The Sirte basin covers an area of about 600,000 km2 with a sedimentary succession of about 7500 m (Hallet 2002). The basin has the largest petroleum reserves where it has about 36.7 BB of oil and 37.7 TCF of gas (Ahlbrandt 2001).

This study focuses around the Hakim Oil Field, where the main pay is the Facha reservoir. The Hakim Field located at the southwestern part of Sirte basin in concession NC-74A, approximately 580 km southeast of Tripoli, lies between latitudes of 28°40′ and 29°00′N and longitudes of 17°21′ and 18°00′E, (Fig. 1).

Fig. 1
figure 1

Location map of Hakim Field

The first well was discovered and drilled in 1978 at the southwestern side of Sirte basin from the Upper Facha dolomite with 20 MM barrels of recoverable oil (Geological Review of Hakim 1981).

The lithology analysis included in this study depends on cross-plots by using logging data of six oil wells (A1, A3, A4, A5, A8 and A13).
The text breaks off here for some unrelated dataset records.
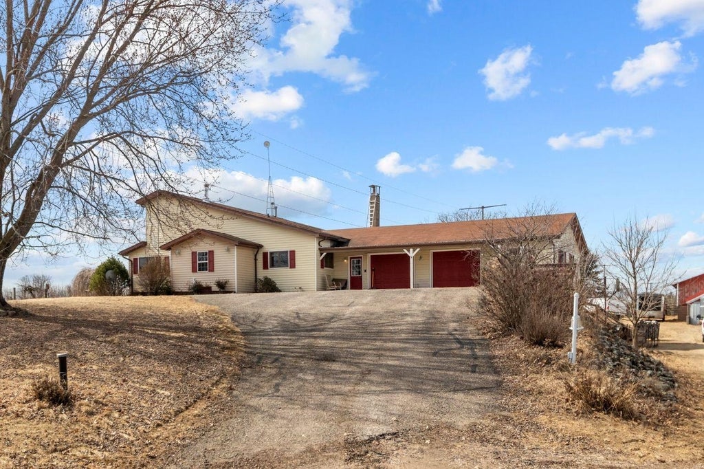 This incredible 69.5-acre property is a true gem! The living room features a stunning cathedral ceiling w/wood beams and a charming wood stove. A beautiful 4-season room has large windows allowing in natural light. The spacious kitchen has abundant cabinetry, a large breakfast bar, and a 6x6 pantry. There is an adjacent dining area for larger meals. The primary bedroom has a full bath and a walk-in closet. On the main level, you’ll also find another bedroom and a convenient half bath w/laundry. The walk-out lower level features a vast family room with a wood stove, two additional bedrooms, and a full bath. There is an attached 4-car garage, a horse barn, a machine shed, and an indoor riding arena. This is a great property for horse enthusiasts and those who enjoy the great outdoors.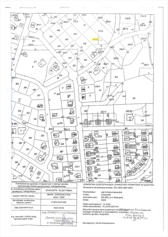 Nieruchomość położona w Biskupcu przy ul. Złotej (obręb miasto Biskupiec 5), dla której prowadzona jest księga wieczysta nr OL1B/000pokaż telefon, oznaczona numerem działki 217/12 o powierzchni 0,1961 ha
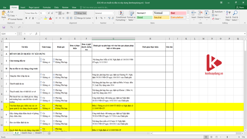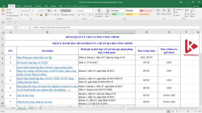 [Excel] Hồ sơ chuẩn bị xây dựng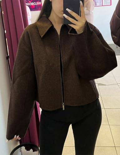 More information about Womens Cropped Wool Jacket Plain Zipper Short Pea Coats Fall Winter Trendy Tweed Jackets 2025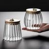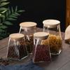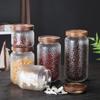 Tarro de vidrio hermético para el hogar, con tapa de bambú, transparente y con relieve para té.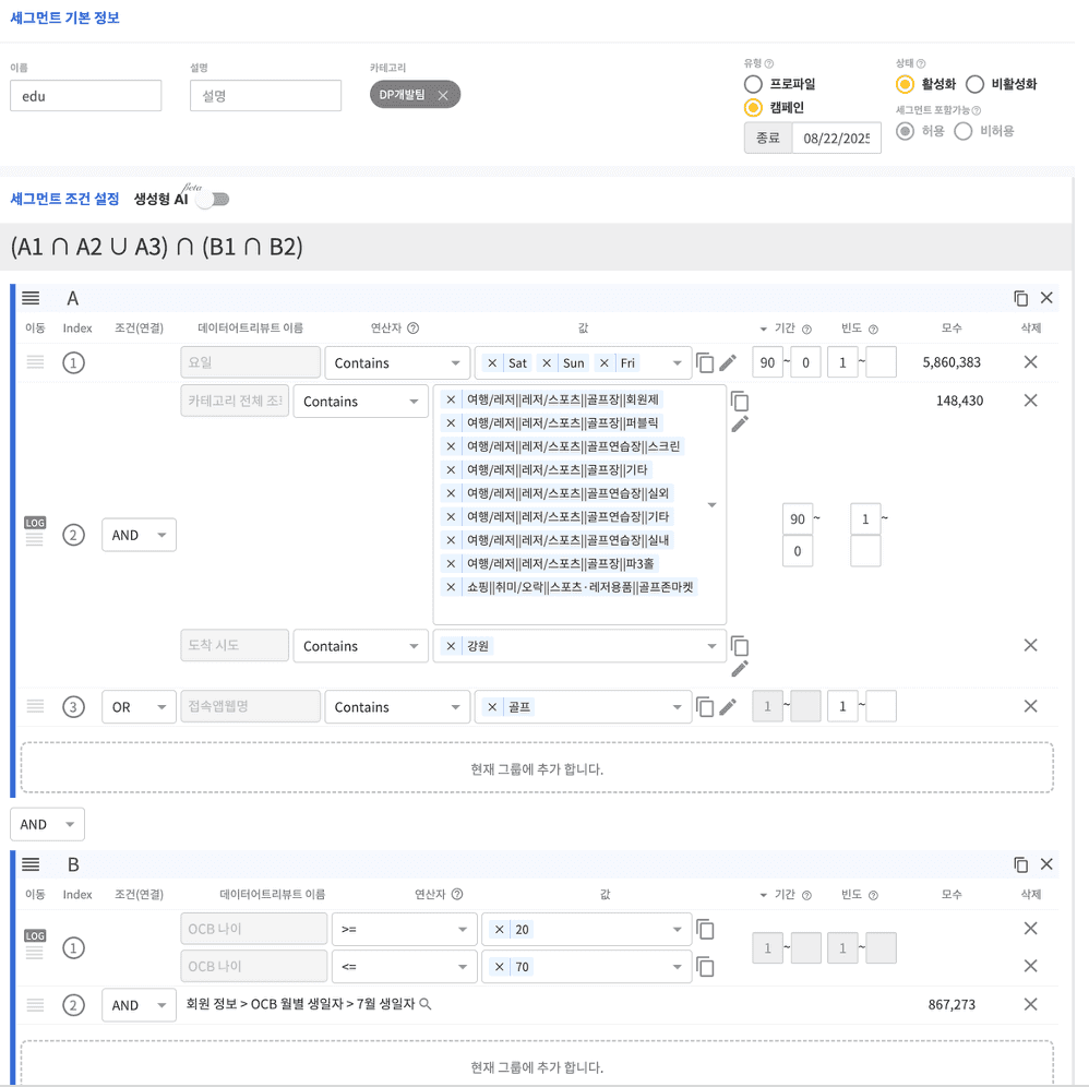 세그먼트 조건을 수동으로 설정해야 했으므로, 심지어 한 번의 세그먼트 생성에 평균 2~3시간이 소요되기도 했습니다. 그만큼 휴먼 에러 발생 가능성도 높았습니다.
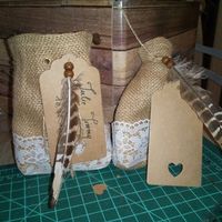 Il y a 3466 joursAller aujourd'hui on s'y remet!! Je fait des petites pochettes pour y mettre les dragées ou bonbons et petit cadeau pour les invités aller plus que 25!! Elles ne sont pas finies encore elle seront fermées avec de la ficelle plumes et perles de bois...

In addition, the petrophysical parameters are evaluated by estimating content of shale, storage capacity (porosity), water saturation and net pay thickness. The prospect evaluation of the study area is achieved by constructing isoparametric maps and estimating the prospective regions for hydrocarbon accumulations.

Geological and structural setting

The studied basin’s tectonic features are represented from east to west by Maradah trough, Ajdabiya trough, Hameimat trough, Sarir trough, Zallah trough, Dur Al-Abd trough and finally Hun graben. They are separated by Amal platform, Rakb high, Zaltan platform, Al-Bayda platform and finally Waddan uplift (Fig. 2). These structural features have great effect on the migration of hydrocarbon from the troughs along the block basement faults to the platforms where most fields are situated.

Fig. 2
figure 2

Generalized tectonic map of the Sirte basin as located in the north-central Libya map (modified after Abadi 2002) showing the major structural elements and oil and gas fields. The dashed box marks the Zallah trough area with its structural domains referred to in the text. Inset illustrates the Libya map

Structural framework of the study area

It appears that the structural evolution of the study area (Hakim Field) was controlled by the regional tectonic activity that occurred on the western part of Sirte basin, where most of the area is divided by major NW to SE normal faulting pattern (Fig. 2). The fault-related anticline and syncline can be considered later as a potential trap for hydrocarbons in study area.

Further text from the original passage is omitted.